DATA TO USE:
------------------------
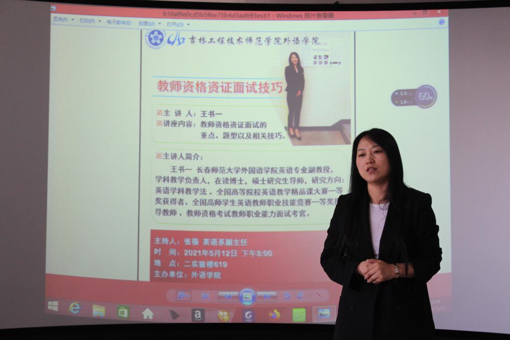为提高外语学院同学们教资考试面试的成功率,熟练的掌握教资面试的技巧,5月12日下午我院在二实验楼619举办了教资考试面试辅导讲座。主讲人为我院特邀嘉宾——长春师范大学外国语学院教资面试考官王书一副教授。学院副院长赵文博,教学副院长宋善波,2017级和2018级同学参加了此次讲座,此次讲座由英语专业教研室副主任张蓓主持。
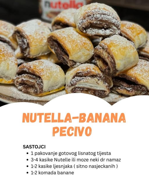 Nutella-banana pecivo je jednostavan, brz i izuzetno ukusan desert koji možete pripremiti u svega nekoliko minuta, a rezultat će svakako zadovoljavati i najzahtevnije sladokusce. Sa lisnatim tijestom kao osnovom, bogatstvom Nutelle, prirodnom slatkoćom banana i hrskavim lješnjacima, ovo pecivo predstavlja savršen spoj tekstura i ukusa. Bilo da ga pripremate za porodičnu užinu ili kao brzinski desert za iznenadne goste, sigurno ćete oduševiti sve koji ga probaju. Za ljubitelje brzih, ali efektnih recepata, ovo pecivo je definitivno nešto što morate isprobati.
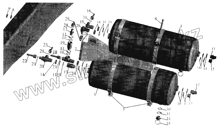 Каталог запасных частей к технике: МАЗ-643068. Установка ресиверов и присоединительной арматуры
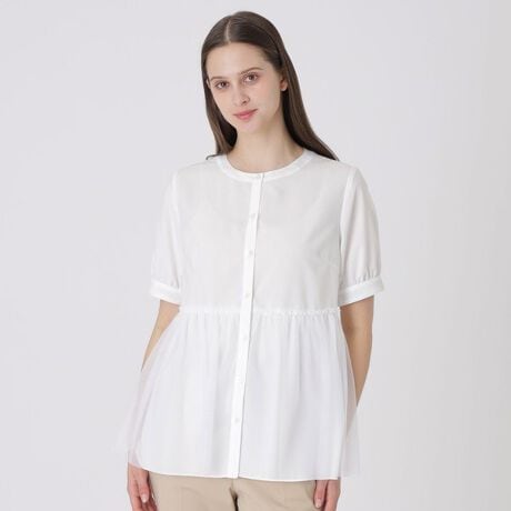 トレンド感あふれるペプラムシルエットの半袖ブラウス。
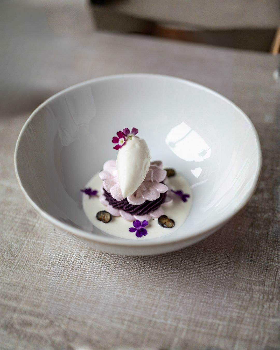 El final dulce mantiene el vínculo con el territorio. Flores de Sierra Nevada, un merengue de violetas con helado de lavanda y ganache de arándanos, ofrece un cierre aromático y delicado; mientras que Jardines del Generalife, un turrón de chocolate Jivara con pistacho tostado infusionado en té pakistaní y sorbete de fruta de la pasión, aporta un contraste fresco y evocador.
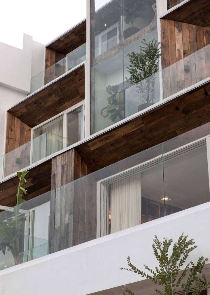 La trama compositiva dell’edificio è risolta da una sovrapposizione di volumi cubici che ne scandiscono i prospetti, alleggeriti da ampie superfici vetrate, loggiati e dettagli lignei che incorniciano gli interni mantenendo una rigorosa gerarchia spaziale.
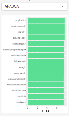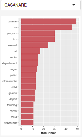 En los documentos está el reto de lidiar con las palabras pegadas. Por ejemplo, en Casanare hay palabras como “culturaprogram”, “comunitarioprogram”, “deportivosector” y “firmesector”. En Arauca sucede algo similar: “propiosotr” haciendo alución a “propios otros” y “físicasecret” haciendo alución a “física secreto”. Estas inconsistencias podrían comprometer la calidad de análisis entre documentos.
------------------------
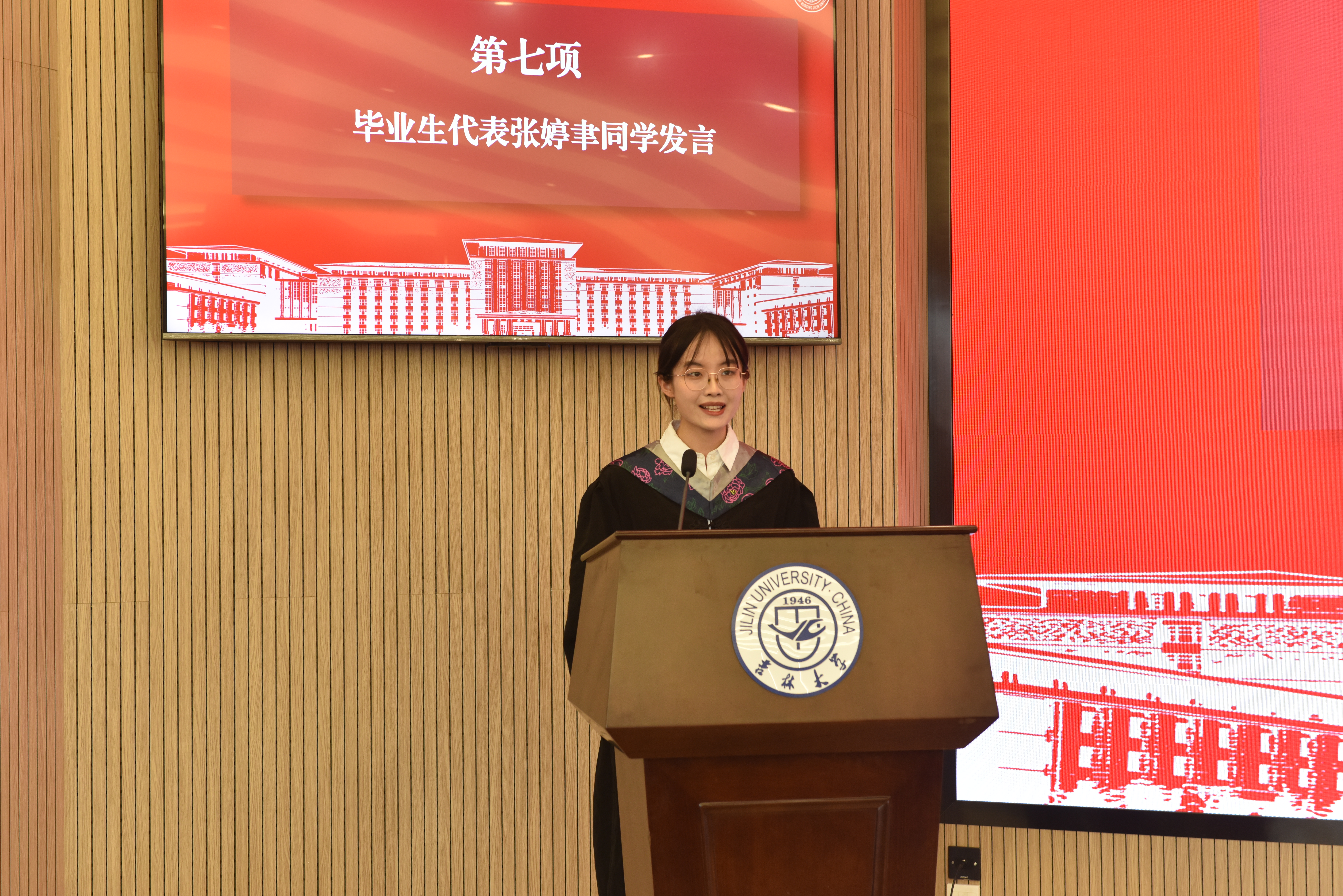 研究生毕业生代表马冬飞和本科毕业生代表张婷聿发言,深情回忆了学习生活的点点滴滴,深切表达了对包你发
------------------------
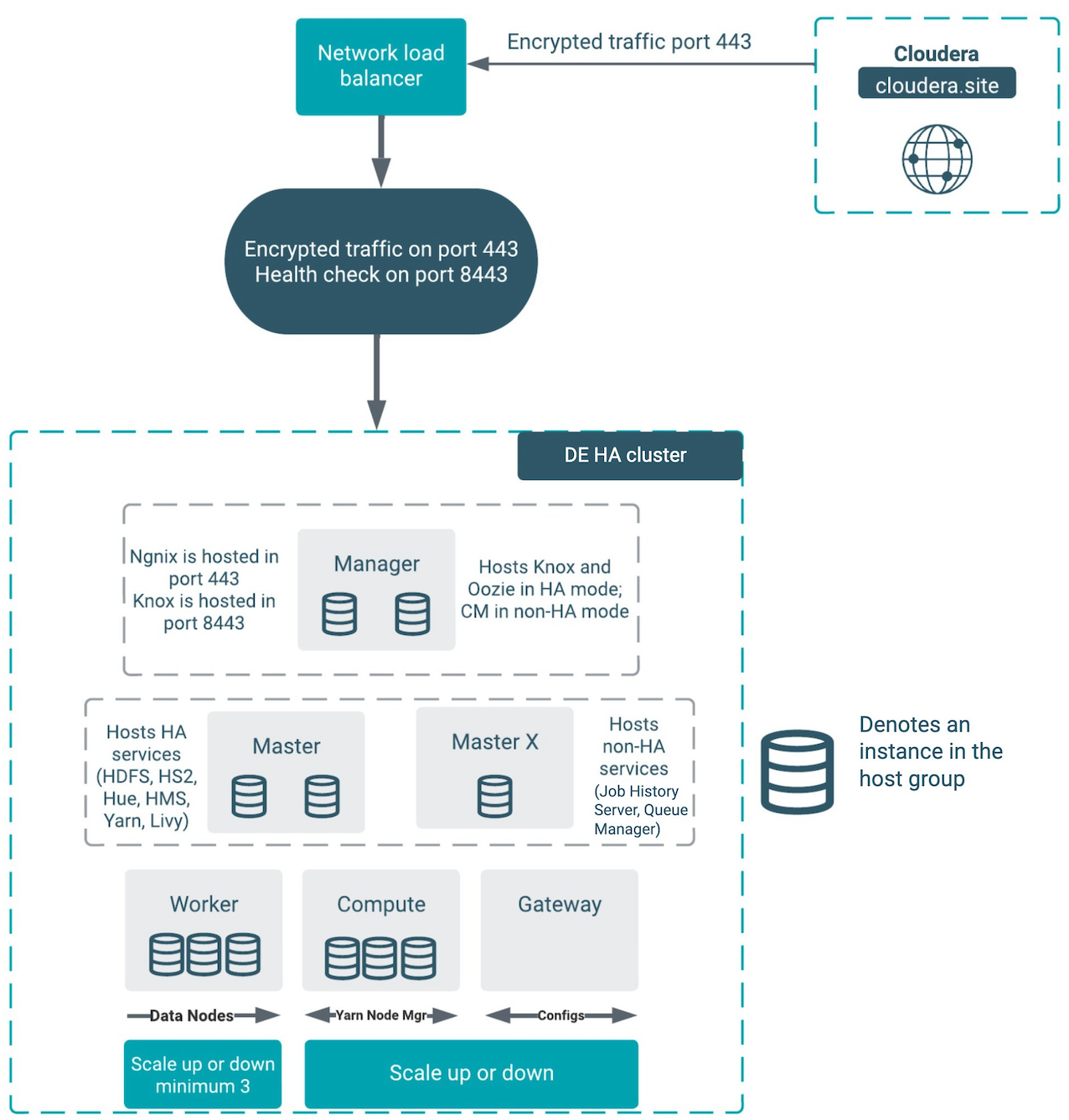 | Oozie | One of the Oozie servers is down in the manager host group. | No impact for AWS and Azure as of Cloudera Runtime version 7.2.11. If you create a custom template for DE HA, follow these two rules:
------------------------
EXERCISE DETAILS: Your reply is to be an exact repeat of the listing above from the line holding "トレンド感あふれるペプラムシルエットの半袖ブラウス。" down to the line holding "En los documentos", ends included, pictures excluded.

EXERCISE ANSWER:
 トレンド感あふれるペプラムシルエットの半袖ブラウス。
 El final dulce mantiene el vínculo con el territorio. Flores de Sierra Nevada, un merengue de violetas con helado de lavanda y ganache de arándanos, ofrece un cierre aromático y delicado; mientras que Jardines del Generalife, un turrón de chocolate Jivara con pistacho tostado infusionado en té pakistaní y sorbete de fruta de la pasión, aporta un contraste fresco y evocador.
 La trama compositiva dell’edificio è risolta da una sovrapposizione di volumi cubici che ne scandiscono i prospetti, alleggeriti da ampie superfici vetrate, loggiati e dettagli lignei che incorniciano gli interni mantenendo una rigorosa gerarchia spaziale.
 En los documentos está el reto de lidiar con las palabras pegadas. Por ejemplo, en Casanare hay palabras como “culturaprogram”, “comunitarioprogram”, “deportivosector” y “firmesector”. En Arauca sucede algo similar: “propiosotr” haciendo alución a “propios otros” y “físicasecret” haciendo alución a “física secreto”. Estas inconsistencias podrían comprometer la calidad de análisis entre documentos.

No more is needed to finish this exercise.